Thinking about baking a cake? Exercise your baker’s thumb with these 60 unique recipes from Chef Benjamina Ebuehi. In The New Way to Cake, the former Great British Bake Off contestant breaks down her signature cake dishes like masala-chai carrot cake and caramelized plantain upside-down cake. As a bonus, get to learn how to make ingredients like herbs, nuts and ripe fruit sing in your sweet dishes.
Cookies, pies and banana bread, oh my! What could be better? For bakers who want to amp up their skills, take a note from Black Girl Baking. Award-winning chef, writer and founder of food blog Chocolate for Basil, Chef Jerrelle Guy guides you through some of her favorite childhood food memories and recipes to help satisfy your sweet tooth. From an orange-peel pound cake to bruleed buttermilk pie, there’s a little something to help indulge every craving. Plus, there are vegan alternatives!

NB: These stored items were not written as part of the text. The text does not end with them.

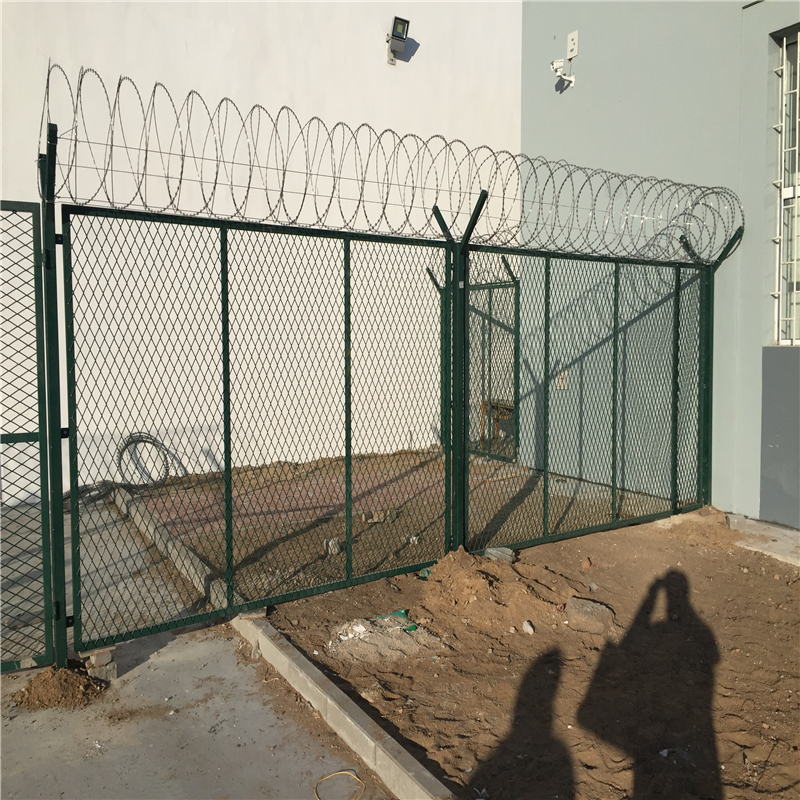 特點(diǎn):如果在監(jiān)獄護(hù)欄網(wǎng)頂部加裝刀片刺絲、刀片刺繩后又很好的增強(qiáng)了安全防護(hù)性能。采用電鍍、熱鍍、噴塑、浸塑等防腐形式,具有很好的抗老化、抗曬、耐候等特點(diǎn)。其產(chǎn)品造型美觀、花色多樣,既起到圍欄作用,又起到美化作用。由于具有安全性高、防攀爬能力好,網(wǎng)片連接方式采用特制SBS緊扣件,有效防止人為的破壞性拆卸,橫向四道折彎加強(qiáng)筋,使網(wǎng)面強(qiáng)度顯著增加。
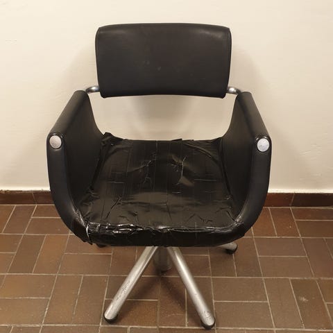 Stolen är tydligt sliten i klädseln (se bilder), främst på armstöd och rygg, men fullt brukbar. Perfekt för hemmabruk, garage, hobby, studio eller någon som vill klä om den.
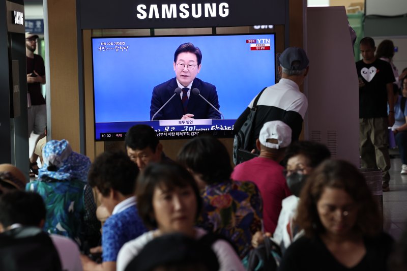 3일 오전 서울역 대합실에서 시민들이 이재명 대통령 ‘취임 한달’ 기자회견 생중계 영상을 시청하고 있다. 2025.7.3/뉴스1 ⓒ News1 구윤성 기자
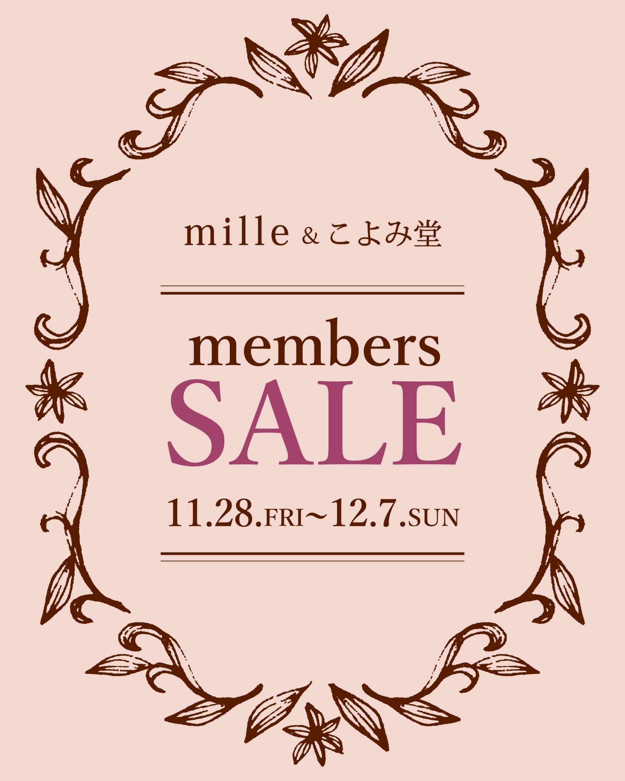 Shop News【お知らせ】mille&こよみ堂members SALEmille&こよみ堂members SALE 11/28(金)~12/7(日)開催決定! ...

If you’re like me and trying to cut back on ordering Postmates, consider Cooking Solo as your guide to independent cooking. Pastry Chef Klancy Miller helps make cooking for a ‘party of one’ more manageable with 100 fresh recipes that you can cook any day of the week. The book includes dishes ranging from delicious mixed salads to savory and intricate meals like mackerel with lemon and capers.
From his youth in South Carolina, Chef Rodney Scott has always been a master at BBQ. His ability to throw down on the grill landed his own acclaimed restaurant in Charleston, S.C. and an award from the James Beard Foundation. In Rodney Scott’s World of BBQ, the pitmaster himself breaks down how to recreate his famous barbecued spare ribs, smoked chicken wings, smoked turkey and other signature BBQ recipes that will make your summer party a hit.
In his most recent book, esteemed chef and food activist Marcus Samuelsson highlights the influence Black chefs and creators have had in American culinary culture. The Rise is a curated offering of 150 recipes that honor top food creators, writers and activists in the Black community that underscore the impact and creativity of Black cuisine. The dishes extend beyond soul food and introduce diverse ingredients across different African communities.
For vegan soul food, look no further (well, that’s not true—keep on looking, there’s plenty to add to your collection!) than Chef Rene Johnson, whose cookbook, From My Heart to Your Table is a personal, beautiful culinary journey that highlights many of the dishes of her youth, with a major focus on vegan, elevated cajun and creole dishes. We love that the book gives readers step-by-step instructions so you’ll always feel like you can accomplish every single meal.
In a profile for Well+Good, Chef Rene Johnson writes, “My grandmother is the person who taught me to cook. She taught me the secret to making hot water cornbread. She taught me how to make the best potato salad you would ever taste. She made everything using fresh ingredients, most of which were grown right on her ranch. I still remember the rows of vegetables and the giant peach tree growing in her yard. I love taking the soul food I grew up eating and giving my own twist to it—usually a twist that makes it vegan. When I cook—whether it’s for a whole party of people or just my family—I want as many people to be able to eat what I make as possible. To do that, I keep the main dishes completely vegan and then have meat proteins that can be added in, if someone chooses to do that. You can still have a delicious mac-and-cheese while keeping it vegan. And then, if someone wants to have it with some chicken or fried fish, they can do that.”